Госпожа выпила ее до дна.
Рюу почти не помнил, как поднялся. Его шатало, он держался за стены, рвал окровавленными пальцами бумажные перегородки. Вернулся в их с Кумико комнату, нашел свадебное хаори. Серебряный дракон покинул ткань. Спину жгло, Рюу задержал дыхание и провел ладонью вдоль поясницы, проверил. Он истекал мглой, кровь была черной, как ночь, в которую ушла Госпожа. На стене висело зеркало. Бронза поблескивала огнем бумажного фонаря, освещавшего комнату. Рюу повернулся полубоком. На левом плече покоилась рогатая голова дракона, тугие кольца вились по спине, уходили под кожу, выныривали из-под проступающих ребер. Лапы держали поясницу, хвост загибался спиралью и возвращался к правому плечу. Там, где уместился дракон, кожа сошла, как кора с обгоревшего дерева.
«Я кричал? – Рюу прислонился к зеркалу пылающим лбом. – Нет, не кричал. Не доставил ей подобного удовольствия. Хоть что-то принял с достоинством».
Он застонал, но тут же сжал губы.
«Нет. Ты, Госпожа, напрасно ликовала. Если и раздирала меня боль, то боль от любви, обернувшейся горем. Ты сделала мне одолжение. – Рюу положил руку на голову дракона. Из клыкастой пасти вырвался огонь, опалив его волосы. – Правильно, это выход».
И он попросил у дракона благословения.
Пламя поглотило рёкан быстрее, чем ожидал Рюу. Он нес огонь по стенам, ступеням, по переходам, по ветвям деревьев. Нобуо бежал за ним, но Рюу превратился в дракона, чтобы пожрать всех. На голове не осталось волос, лицо покрывали кровавые ожоги. После Нобуо говорил, что огонь словно вырывался из спины брата, размахивал жаркими крыльями. В дыму он не разглядел свечей в его руках.
– Пойди прочь, – прорычал Рюу и поднялся по пылающей лестнице. Он шел обратно на третий этаж.
Гости проснулись снова, кричали, скатывались с лестниц, выпрыгивали из окон, искали спасения в онсэнах. Сэдэо и Асу носились от бань к кухне, от кухни к кладовой, пламя изгоняло и их. Хакусана-сан визжала в саду. Она успела вытащить мужа, тот кулем валялся у ног жены, обнимая спасенную бутылку.
– Какая ночь, – повторял он без конца.
Часть крыши рухнула, выплевывая снопы искр и рев огня. Хозяйка рёкана опустилась на колени возле мужа, перекатывая за зубами имя внука. Кричала, что восстановит отель и заставит Рюу страдать.
– Ай да старший внук! – верещал дед и отталкивал Нобуо, который пытался поднять его с земли.
Сэдэо вытащил сына из горящего дома, до покоев Госпожи Рюу не добрался, потолок в коридоре рухнул, преградив путь.

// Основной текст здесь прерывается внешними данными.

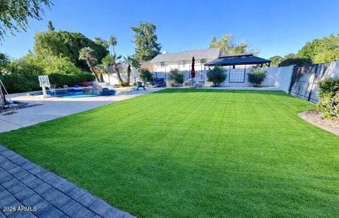 Classic brick home, corner lot, in Mesa's desirable Citrus Corridor within Orange Blossom Estates. Set on a generous cul-de-sac lot with grassy backyard built for entertaining & along with a generous pool. New custom Arcadia doors (2025) open to an extended covered patio with paver hardscape--perfect for relaxing or entertaining. Wood-look luxury vinyl plank flooring in the spacious primary bedroom and family room, plus plantation shutters throughout (2021). The hall bathroom has been beautifully remodeled (2021) to the studs. Interior highlights include a stone wood-burning fireplace, pocket doors in the family room, and a large walk-in pantry. Interior and exterior painted in (2022). A welcoming home ready for your personal touches. See upgrade list for additional features! NO HOA !!
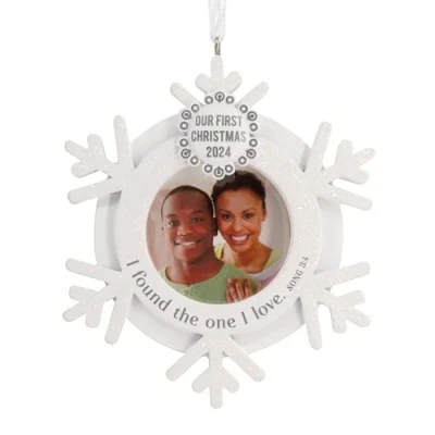 Celebrate your 1st holiday as a married couple with this year-dated photo holder Christmas ornament. White snowflake picture frame design with gold accents includes scripture quote. Message: Our first Christmas 2024. I found the one I love. Song 3:4 Approx. Size in Inches: 3 x 3.5 x 0.5. Photo Frame Area: 1.5 dia.. Great Christmas gift idea for newlyweds or any couple. Additional Details: Resin ornament features hanger attachment. Includes: One Hallmark Christmas ornament.
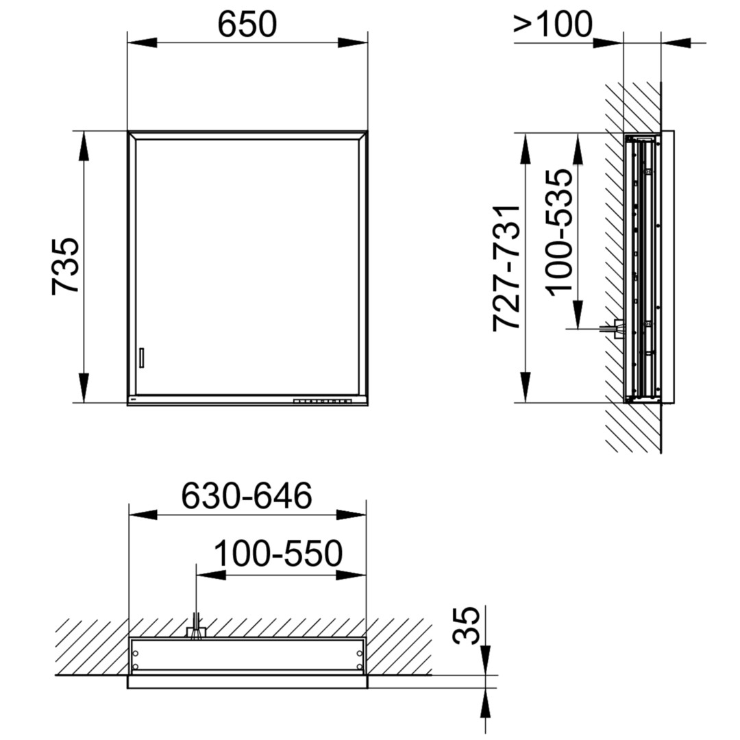 Tiefe vor der Wand 35 mm, Schutzart IP 24, Drehtür aus Kristall-Doppelspiegel mit Anschlagsdämpfung, Korpus Aluminium silber-eloxiert, Korpusseite Aluminium silber-eloxiert, Korpusrückwand Spiegel, Bedienfeld mit kapazitiver Touch-Sensorik, Funktion ein-/ausschalten, stufenlos dimmbar, Einstellen der Lichtfarbe, integrierte Nebenstellenfunktion (Raumschalter), Beleuchtung 2700 Kelvin (warmweiß) bis 6500 Kelvin (tageslichtweiß), vertikal und horizontal (nur oben), Waschtisch- / Fachbeleuchtung, Innenraumausleuchtung, LED, 1 innenliegende Steckdose, 2 höhenverstellbare Glasablagen, verdecktes Ablagefach über die ganze Breite
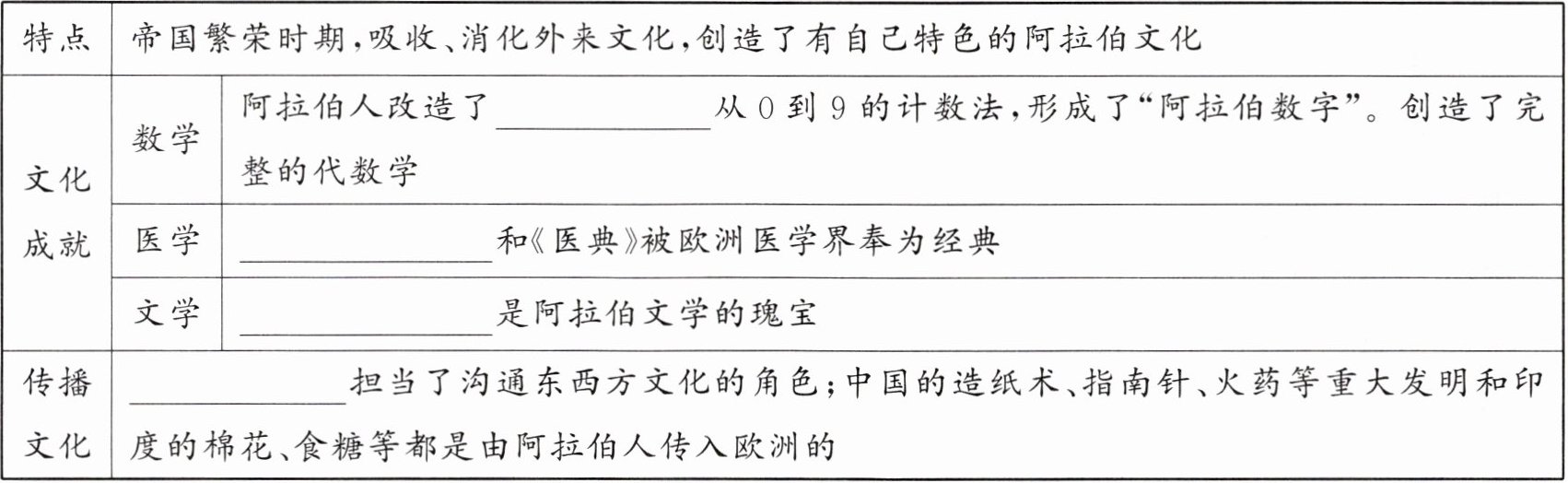 | 文化成就 | 数学 | 阿拉伯人改造了______从0到9的计数法,形成了“阿拉伯数字”。创造了完整的代数学 |
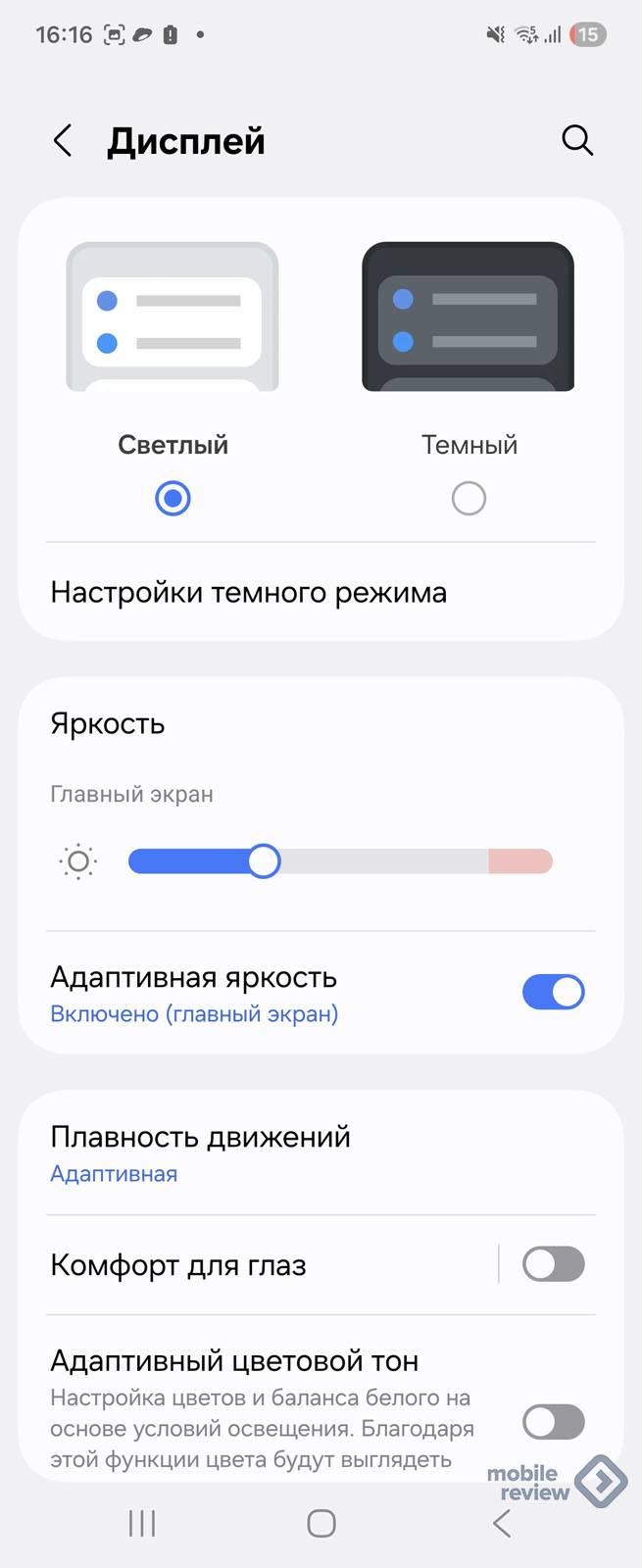 Традиционно есть фильтр синего цвета, темная тема, в том числе возможность установить работу по расписанию. Адаптивная яркость экрана подстраивается под ваши предпочтения. В ручном режиме вы можете выставить яркость до 700 нит, в автоматическом режиме она достигает 2600 нит в пике.

– Она жива. Жива, Рюу. Сынок, помоги спасти рёкан.
Слезы душили Рюу. Он плакал от бессилия и хотел погибнуть вместе с рёканом и Кумико. Нобуо метался между дедом и братом.
Но Сэдэо сказал правду. Госпожа исполнила обещание и наградила род Хакусаны вечной жизнью, Кумико успела стать частью семьи. Рёкан устоял вопреки усилиям Рюу. Покои Госпожи огонь не тронул, Кумико лежала наверху.
Девушка в теле старухи.
– А у Смерти теперь лицо Кумико, – закончил рассказ соломенный человечек.
– Я просила его, – произнесла Кумико.
Мичи вздрогнула. Околдованная историей рёкана, она не заметила, как Кумико перестала играть и отложила биву. Худые руки лежал на коленях, но теперь Кумико подняла голову и смотрела на Мичи слепыми глазами. На мгновение Мичи показалось, что Кумико может видеть, но та прикрыла веки и сказала:
– Я столько лет сдерживала его. Судьбу не изменишь, повторяла я. А когда твоя судьба в руках самой Смерти, не стоит и пытаться. Я попросила его убить меня, но это тело, – Кумико повела пальцами, – тело Госпожи, не уничтожить. Я просила его запереть меня, но он выводил меня во двор по ночам, и мы гуляли, пока я не настояла и сама не закрылась в этой комнате. Я просила его забыть меня, но он продолжал приходить и говорить со мной, как будто перед ним прежняя Кумико. Он приносит мне еду, хотя я не нуждаюсь в пище. Расчесывает мне волосы. Покупает одежду. Я отказываюсь от всего. Он подарил мне новую биву. Знал, от нее не смогу отказаться. Он упрямый, мой молодой господин.
Кумико подняла руку, потянулась к Мичи. Та поняла ее жест, приблизила лицо к маленькой ладони. Кожа у Кумико была сухая и шершавая. Пальцы медленно прошлись по щекам, носу и лбу Мичи.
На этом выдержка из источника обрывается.